### Work task
Print the lines that run from the line with "Über die Zeitung" to the line with "Canon Creative Park: 캐논", keeping both end lines, exactly as they appear in the entries below, and nothing else.

### Listed records

/---

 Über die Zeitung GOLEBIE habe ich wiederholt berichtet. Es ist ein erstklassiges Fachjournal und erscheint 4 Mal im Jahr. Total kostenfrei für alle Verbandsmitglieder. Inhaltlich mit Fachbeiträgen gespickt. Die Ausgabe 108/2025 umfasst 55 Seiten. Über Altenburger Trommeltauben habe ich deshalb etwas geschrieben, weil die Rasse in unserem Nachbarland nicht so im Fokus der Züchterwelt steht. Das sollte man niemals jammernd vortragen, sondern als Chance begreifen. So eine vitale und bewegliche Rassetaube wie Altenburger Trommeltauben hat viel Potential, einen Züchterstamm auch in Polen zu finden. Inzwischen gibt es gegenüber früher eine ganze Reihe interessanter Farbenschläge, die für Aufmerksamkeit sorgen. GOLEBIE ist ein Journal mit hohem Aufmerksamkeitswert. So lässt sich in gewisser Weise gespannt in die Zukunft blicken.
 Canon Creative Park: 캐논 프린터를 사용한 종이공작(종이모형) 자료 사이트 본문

\---
/---

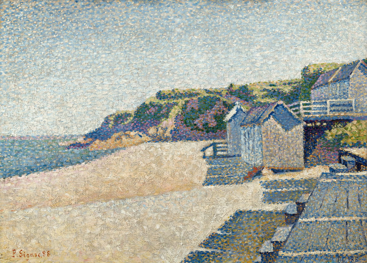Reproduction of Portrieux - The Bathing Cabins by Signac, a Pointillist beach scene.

\---
/---

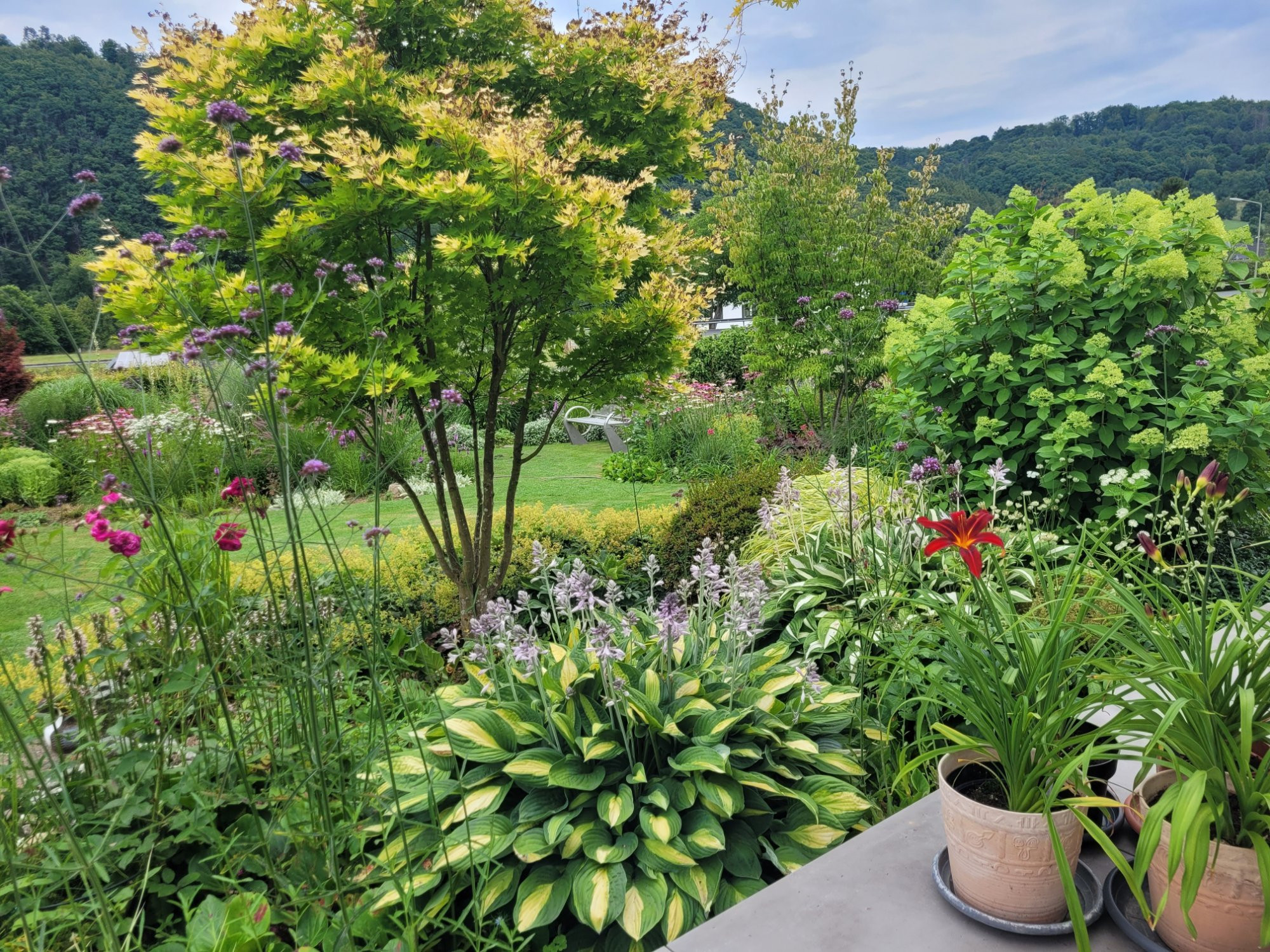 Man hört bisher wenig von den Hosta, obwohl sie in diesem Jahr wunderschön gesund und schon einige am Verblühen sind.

\---

### Result below
 Über die Zeitung GOLEBIE habe ich wiederholt berichtet. Es ist ein erstklassiges Fachjournal und erscheint 4 Mal im Jahr. Total kostenfrei für alle Verbandsmitglieder. Inhaltlich mit Fachbeiträgen gespickt. Die Ausgabe 108/2025 umfasst 55 Seiten. Über Altenburger Trommeltauben habe ich deshalb etwas geschrieben, weil die Rasse in unserem Nachbarland nicht so im Fokus der Züchterwelt steht. Das sollte man niemals jammernd vortragen, sondern als Chance begreifen. So eine vitale und bewegliche Rassetaube wie Altenburger Trommeltauben hat viel Potential, einen Züchterstamm auch in Polen zu finden. Inzwischen gibt es gegenüber früher eine ganze Reihe interessanter Farbenschläge, die für Aufmerksamkeit sorgen. GOLEBIE ist ein Journal mit hohem Aufmerksamkeitswert. So lässt sich in gewisser Weise gespannt in die Zukunft blicken.
 Canon Creative Park: 캐논 프린터를 사용한 종이공작(종이모형) 자료 사이트 본문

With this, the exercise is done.